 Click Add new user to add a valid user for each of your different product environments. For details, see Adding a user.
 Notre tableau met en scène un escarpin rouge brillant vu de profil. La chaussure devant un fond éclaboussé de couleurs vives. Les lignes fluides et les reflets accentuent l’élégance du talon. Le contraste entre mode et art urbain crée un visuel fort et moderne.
=-=-=-=-=
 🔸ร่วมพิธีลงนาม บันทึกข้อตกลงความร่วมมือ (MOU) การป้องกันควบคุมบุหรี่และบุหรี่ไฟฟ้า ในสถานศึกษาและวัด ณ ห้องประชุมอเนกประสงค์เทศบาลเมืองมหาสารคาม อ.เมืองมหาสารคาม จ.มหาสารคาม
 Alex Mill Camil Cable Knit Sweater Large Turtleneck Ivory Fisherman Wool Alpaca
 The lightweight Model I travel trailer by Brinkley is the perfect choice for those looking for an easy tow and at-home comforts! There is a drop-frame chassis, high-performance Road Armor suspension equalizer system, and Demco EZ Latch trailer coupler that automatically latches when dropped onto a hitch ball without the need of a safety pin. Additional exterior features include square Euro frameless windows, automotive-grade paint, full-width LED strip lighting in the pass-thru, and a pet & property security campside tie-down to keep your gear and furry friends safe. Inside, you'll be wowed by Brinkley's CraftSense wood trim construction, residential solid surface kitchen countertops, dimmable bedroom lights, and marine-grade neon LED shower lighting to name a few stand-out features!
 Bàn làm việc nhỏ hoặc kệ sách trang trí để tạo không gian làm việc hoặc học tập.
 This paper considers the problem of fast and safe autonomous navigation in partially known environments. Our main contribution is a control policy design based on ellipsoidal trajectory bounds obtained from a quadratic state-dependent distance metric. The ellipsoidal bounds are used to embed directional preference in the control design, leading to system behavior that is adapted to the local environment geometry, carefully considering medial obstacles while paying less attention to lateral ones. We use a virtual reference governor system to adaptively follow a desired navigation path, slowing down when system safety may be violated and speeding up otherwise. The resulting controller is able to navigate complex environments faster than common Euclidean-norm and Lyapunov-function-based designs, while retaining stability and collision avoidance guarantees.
=-=-=-=-=
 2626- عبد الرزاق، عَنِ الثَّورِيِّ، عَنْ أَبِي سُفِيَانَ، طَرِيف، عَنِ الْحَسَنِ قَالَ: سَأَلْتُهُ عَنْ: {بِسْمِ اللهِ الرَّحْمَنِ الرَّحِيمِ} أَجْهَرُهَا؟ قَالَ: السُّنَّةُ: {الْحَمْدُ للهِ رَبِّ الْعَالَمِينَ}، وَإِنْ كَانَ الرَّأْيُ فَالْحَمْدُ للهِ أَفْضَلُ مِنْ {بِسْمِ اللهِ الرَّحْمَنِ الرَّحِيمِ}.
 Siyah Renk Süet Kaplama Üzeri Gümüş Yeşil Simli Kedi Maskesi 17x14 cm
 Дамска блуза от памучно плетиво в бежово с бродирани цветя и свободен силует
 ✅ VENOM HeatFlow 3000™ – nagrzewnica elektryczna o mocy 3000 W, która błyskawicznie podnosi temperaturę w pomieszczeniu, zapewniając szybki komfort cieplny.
=-=-=-=-=
Your goal: Look above for the line holding "Click Add new", then set down exactly that line and every line after it up to and including the line holding "Notre tableau met", with nothing else.

Exercise response:
 Click Add new user to add a valid user for each of your different product environments. For details, see Adding a user.
 Notre tableau met en scène un escarpin rouge brillant vu de profil. La chaussure devant un fond éclaboussé de couleurs vives. Les lignes fluides et les reflets accentuent l’élégance du talon. Le contraste entre mode et art urbain crée un visuel fort et moderne.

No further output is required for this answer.